At 06:15 ET (11:15 GMT), the Dollar Index, which tracks the greenback against a basket of six other currencies, traded 0.5% lower, but has gained almost 4% over the course of the last year.
Better incoming US data (nonfarm payrolls and purchasing managers’ index)—and with it, US yields moving higher—have provided broad dollar support, analysts at UBS said, in a note.
Economic news elsewhere has been rather mixed, with growth prospects for Europe staying highly subdued. Accelerating growth in China suggests that there is growth outside the US. But with US tariff risks looming large, stronger activity in China is unlikely to shift investor sentiment and stall the USD rally, in our view.
In the near term, there seem to be limited headwinds holding the USD back, the Swiss bank added.
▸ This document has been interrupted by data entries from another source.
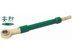 防爆工具快速加力扳手是用于易燃易爆气体场所的工具,快速加力扳手一端是套筒式圆环状的,圆环内一般有6个棱角,能将螺母或螺栓的六角部分全部围住,工作时不易滑脱,安全可靠。设有加力杆使用更为省力。产品规格:24-65mm,材质为铝青铜、铍青铜合金。广泛适用于石油、化工、等各种潜在火患和爆炸危险的环境中,也是机械制造好机械维修必不可少的专用工具。这两种材质的产品都能起到防爆的功能,而且其中的铍青铜合金材质的产品还能起到防磁的功能。目前在国内生产、销售、流通的防爆工具以材质区分可分为两大类: 1.铝铜合金(俗称铝青铜)防爆工具,具体材质是以高纯度电解铜为基体加入适量铝、镍、锰、铁等金属,组成铜基合金。 2.铍铜合金(俗称铍青铜)防爆工具,具体材质是以高纯度电解铜为基体加入适量铍、镍等金属,组成铜基合金。这两种材质的导热、导电性能都非常好.更多详情请查询 http://www.deantools.com
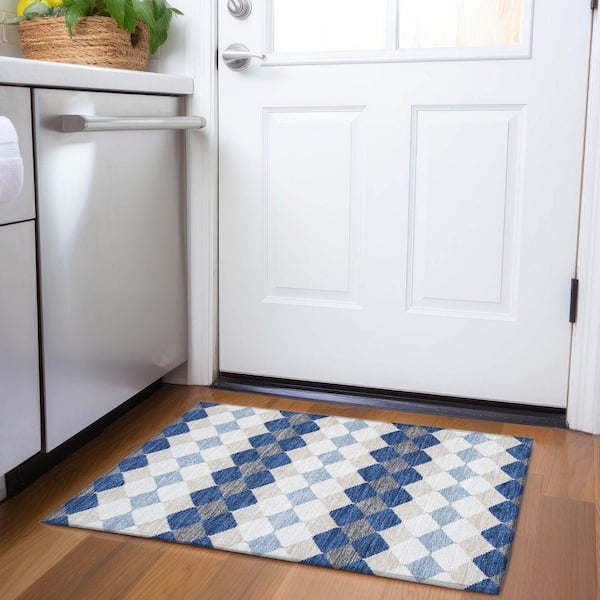 Mayfield Premium Machine Washable Abstract AMF1007 Navy 2 ft. x 3 ft. Area Rug
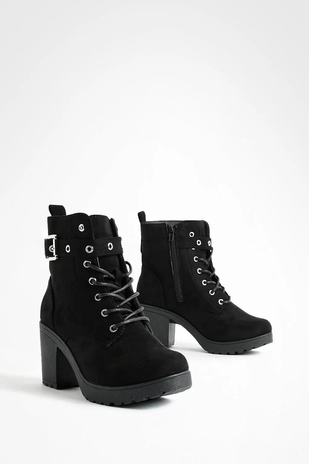 Wide Fit Faux Suede Buckle Lace Up Chunky Hiker Boots
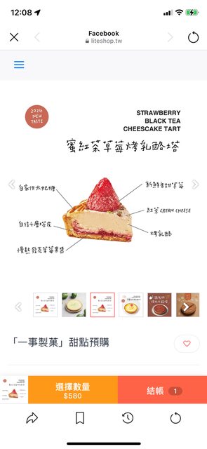 想訂六吋 蜜紅茶草莓烤乳酪塔
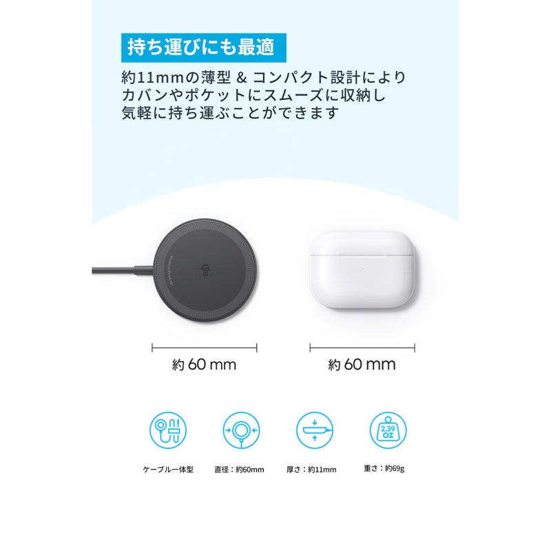 パッケージ内容 Anker Zolo Wireless Charger (Magnetic, Pad) 、取扱説明書、24ヶ月保証 + 6ヶ月 (Ankerで会員登録後) 、カスタマーサポート
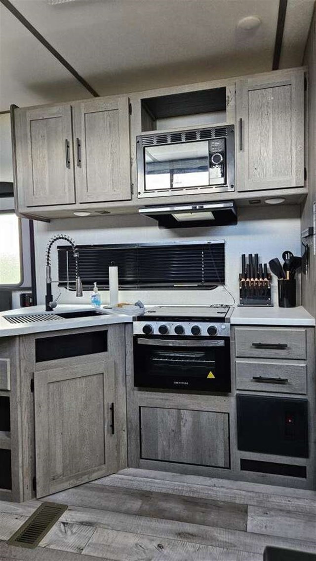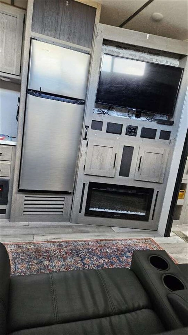 The whole gang will love camping in this Keystone Springdale fifth wheel! The rear private bunkhouse features a 30" x 76" bunk bed next to a wardrobe and a flip-up bunk above a fun lounger. The living area will have you feeling right at home with theater seating across from the entertainment center with a fireplace and a swinging pantry that has shelves. After you have prepared a delicious dinner at the range with glass top, you can head to the booth dinette and enjoy it there comfortably then play a card game or two. You could even cook at the outdoor kitchen which has a refrigerator to keep your beverage cold while you cook too. The dual-entry bathroom makes it easy for everyone to access, especially those staying in the front private bedroom!
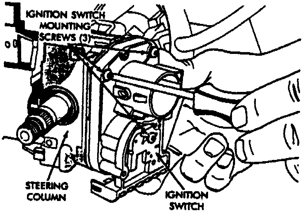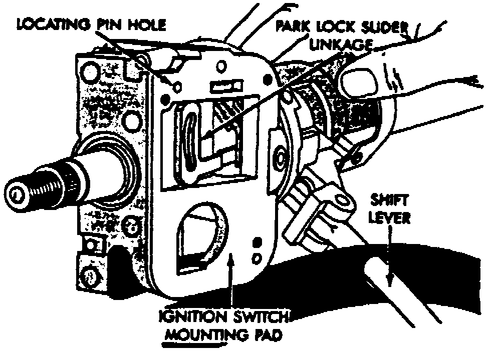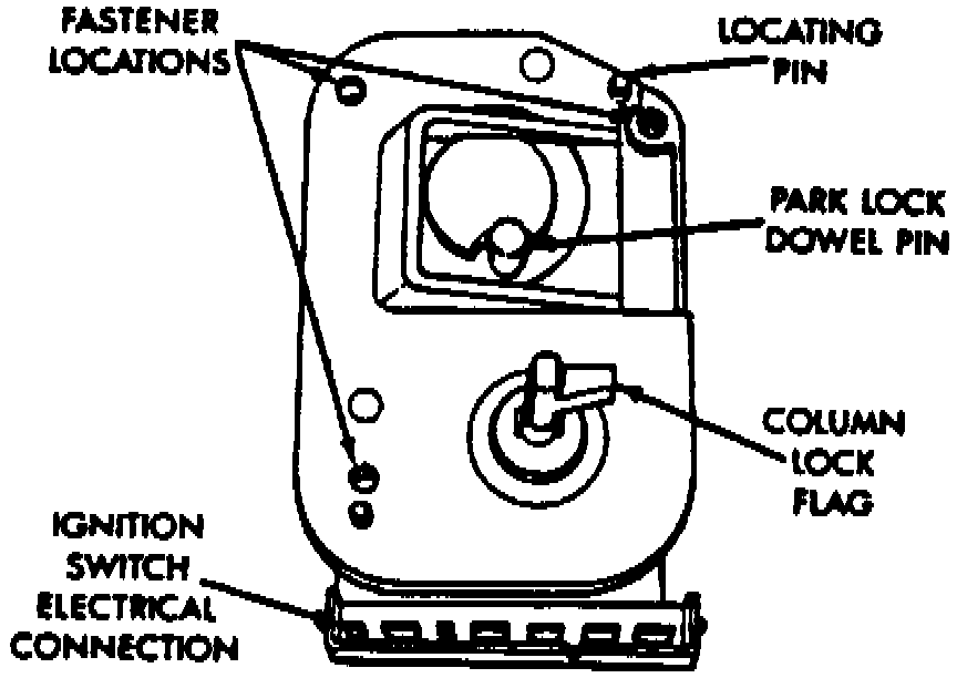 2. Mount ignition switch to column. If equipped with column shift, shifter must be in Park position and park dowel pin on ignition switch must engage with column park lock slider linkage.
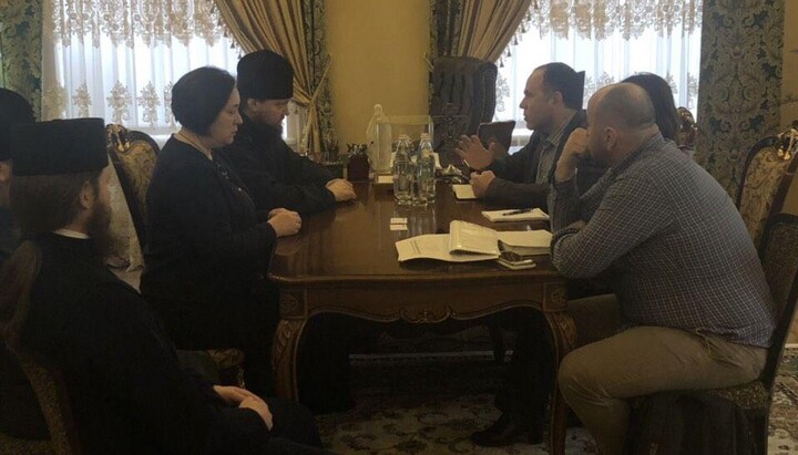 The activists of the new church structure came to the building of the eparchial administration precisely when the meeting of Metropolitan Nikodim (Gorenko) of Zhitomir and Novograd-Volynsky with OSCE SMM representatives took place.
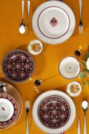 - Yuvarlak formu ile klasik ve zamansız bir görünüm sunar, her türlü sofra düzenine kolayca uyum sağlar.
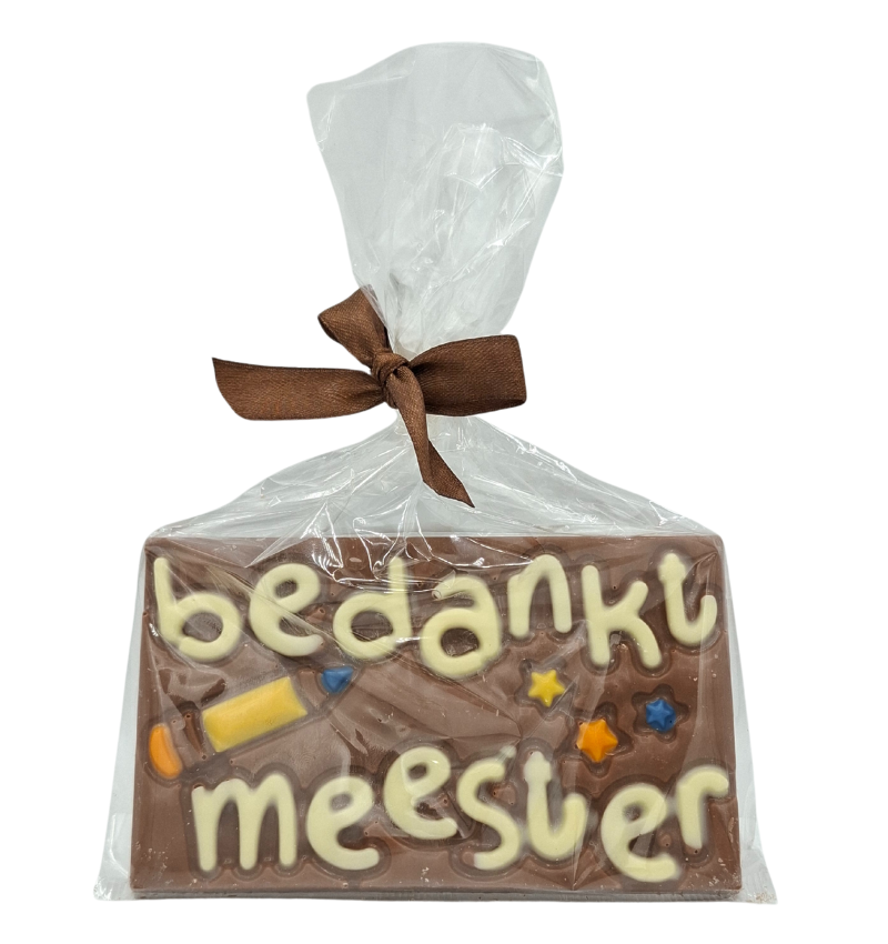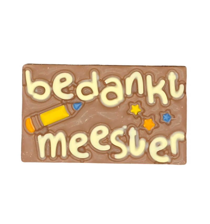Voor het einde van het schooljaar hebben we een heerlijke chocoladetablet gecreëerd met de tekst “Bedankt meester!”. Gemaakt van romige melkchocolade en perfect om waardering te laten zien.
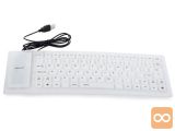 Popolnoma nova silikonska upogljiva tipkovnica standardne velikosti. Je odličen, izjemno praktičen in predvsem vodotesen izum. Silikonska tipkovnica je tudi odporna na vodo in prah ter zaradi svoje zasnove popolnoma tiha. Posebno nedrseče dno preprečuje premikanje tipkovnice med uporabo.
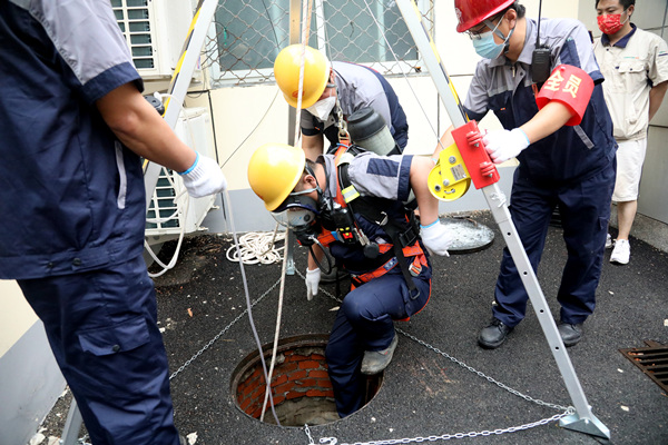 此次演練分為前期準備、有限空間規(guī)范作業(yè)及作業(yè)人員遇險科學施救流程演示三個部分。首先,參演人員依次展示了作業(yè)審批、安全交底、工具檢查、現(xiàn)場安全檢查、封閉作業(yè)區(qū)域并設置警示標志等作業(yè)前期準備工作。隨后,對有限空間出入口的有毒有害氣體、氧氣濃度進行檢測并進行自然通風或使用機械設備進行強制通風,待監(jiān)測評估符合作業(yè)要求后,架設救援用三腳架,參演人員穿戴好有限空間作業(yè)器具并經檢查合格后,在持續(xù)通風并有人員進行安全監(jiān)護的條件下,下井作業(yè)。最后,為避免因有限空間作業(yè)發(fā)生事故后盲目施救而產生連鎖事故,由救援人員展示如何正確穿戴呼吸器等救援防護用品并確保自身安全的前提下下井救援,利用三腳架等設備將受困人員安全救出并脫離危險場所的同時呼叫救援,進行心肺復蘇等規(guī)范施救流程。
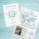 Carte du monde moderne et élégant Invitation Mariage Destination, comme passeport avec monogramme bleu poussiéreux d'aquarelle crête florale
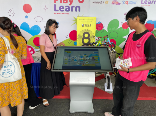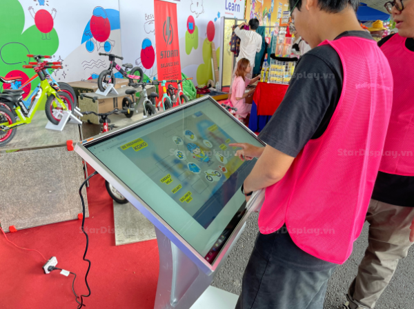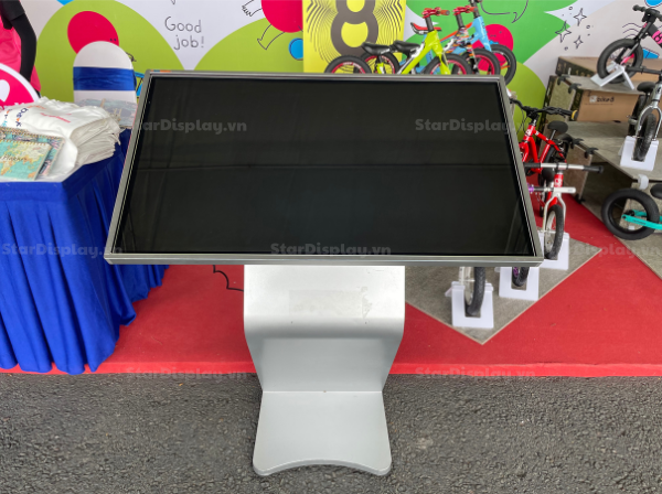 Thuê màn hình cảm ứng chân nghiêng : độ sáng màn hình cao, góc nhìn rộng, đảm bảo tầm nhìn ở mọi góc, hỗ trợ trình chiếu nhiều file khác nhau, hiển thị video và hình ảnh sống động, rõ ràng, tiện lợi, sang trọng, giúp người tham quan dễ dàng thao tác và trải nghiệm.

“US exceptionalism has appeared to reassert itself, with US economic data likely to stay strong in the near term and risks to US inflation moving higher again. The latest growth and inflation dynamics have lifted US growth and inflation expectations, which could allow the Fed to stay on hold in 2025.”
At least in the short run markets are likely to think this way, while other key central banks are likely to cut rates further.
The potential for monetary policy divergence is a powerful driver, which leads to trending FX markets and the potential for overshooting exchange rates.
US tariffs are also looming large, weighing on sentiment. The concern on tariffs is that they will have inflationary consequences. Given inflation scarring is still fresh on investors’ minds, it is dominating market narratives.
“That said, we think that a policy rate of 4-4.5% in the US remains restrictive and is a headwind to economic growth and inflation. This is unlikely to change absent hard evidence that productivity is rising in the US, which may happen given developments in AI and associated investment,” the Swiss bank added.
It appears that the market-unfriendly parts of the new Trump agenda (e.g., tariffs, trade tensions, immigration) are easier to implement and more likely to happen before the market-friendly parts (e.g., tax cuts, deregulation).
“We think a negative impact on US growth is not priced at all in the forex market, which cannot be said for the rest of the world, particularly Europe,” UBS said.
“Hence, we still think that 2025 could be a story of two halves—strength in 1H, and partial or full reversal in 2H. The fact that the USD is trading at multi-decade highs in strongly overvalued territory and that investor positioning (like speculative accounts in the futures market) is elevated underpin this narrative.”